══ PROVIDED DATA ══
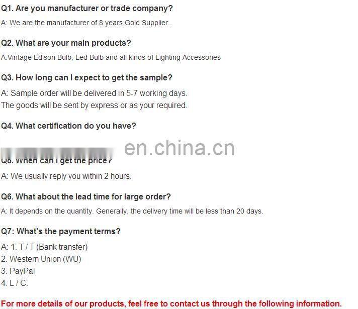 A19,A21,A23,ST58,ST64,T8,T9,T10,T38,T45,C35,FC35,G80,G95,G125 of edison antique bulbs series and LED edison bulbs with various of bulb accessories are our speciality, have been favored by customers in US, Europe, Australia and other countries in the world.
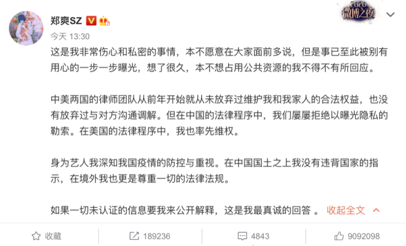 但客观来看,其目前暂未触及违法的领域,只是私德范畴内的“犯错”,倘若郑爽向公众道歉的态度诚恳,真正为孩子担起责任,但也难有口碑挽回的空间。
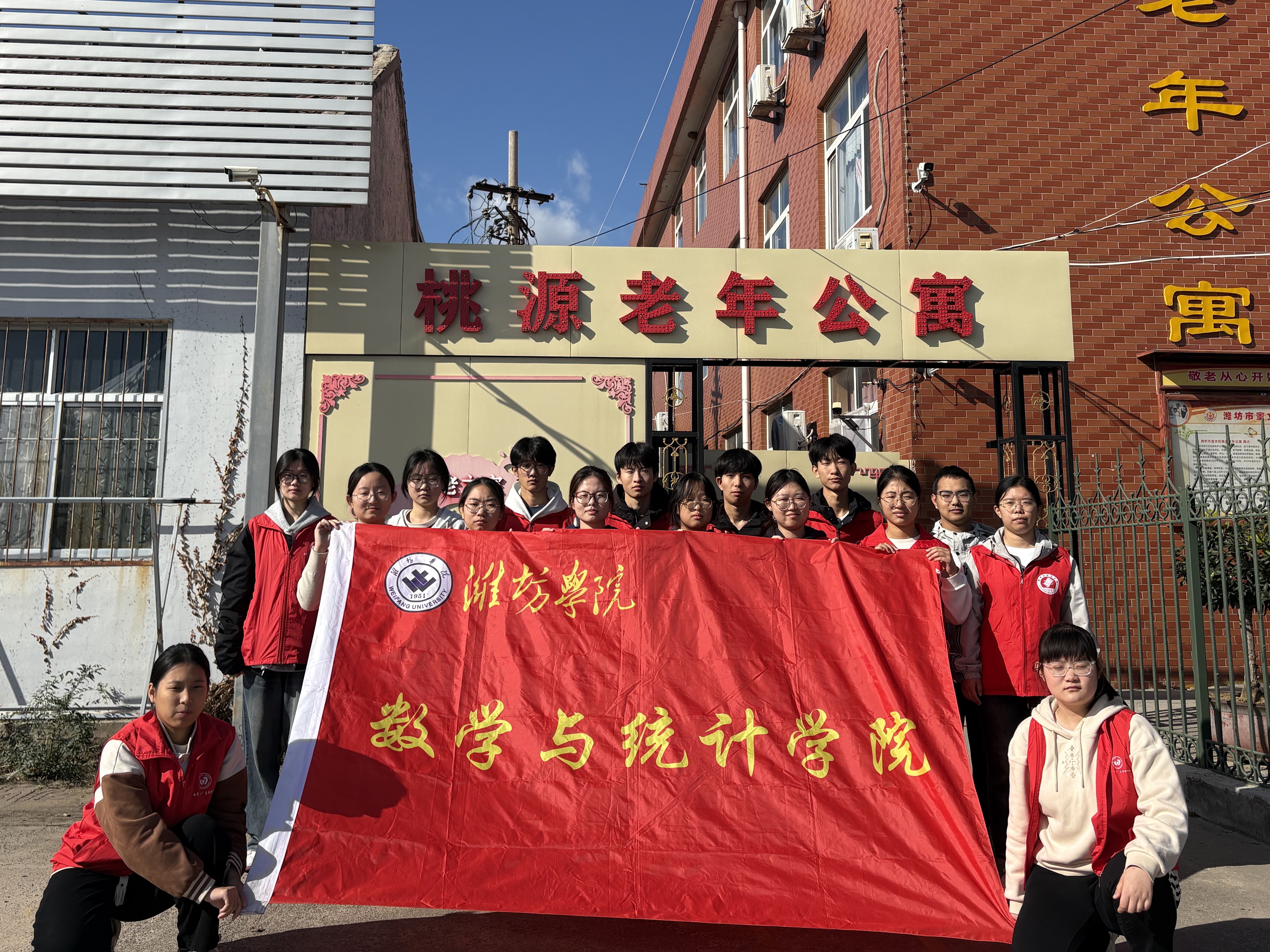 为弘扬中华民族尊老敬老的传统美德,传递社会温暖,推动“百万大学生进社区”实践活动走深走实,11月2日上午,数学与统计学院“1+1”志愿服务队走进潍坊桃源老年公寓,开展“重阳敬老行,志愿暖人心”主题活动,为老人们送去真挚的问候与温暖的陪伴。
═══
• ACTION ITEM:
Make an exact copy of the listing above. Its pictures are not needed.

• RESULT BELOW:
 A19,A21,A23,ST58,ST64,T8,T9,T10,T38,T45,C35,FC35,G80,G95,G125 of edison antique bulbs series and LED edison bulbs with various of bulb accessories are our speciality, have been favored by customers in US, Europe, Australia and other countries in the world.
 但客观来看,其目前暂未触及违法的领域,只是私德范畴内的“犯错”,倘若郑爽向公众道歉的态度诚恳,真正为孩子担起责任,但也难有口碑挽回的空间。
 为弘扬中华民族尊老敬老的传统美德,传递社会温暖,推动“百万大学生进社区”实践活动走深走实,11月2日上午,数学与统计学院“1+1”志愿服务队走进潍坊桃源老年公寓,开展“重阳敬老行,志愿暖人心”主题活动,为老人们送去真挚的问候与温暖的陪伴。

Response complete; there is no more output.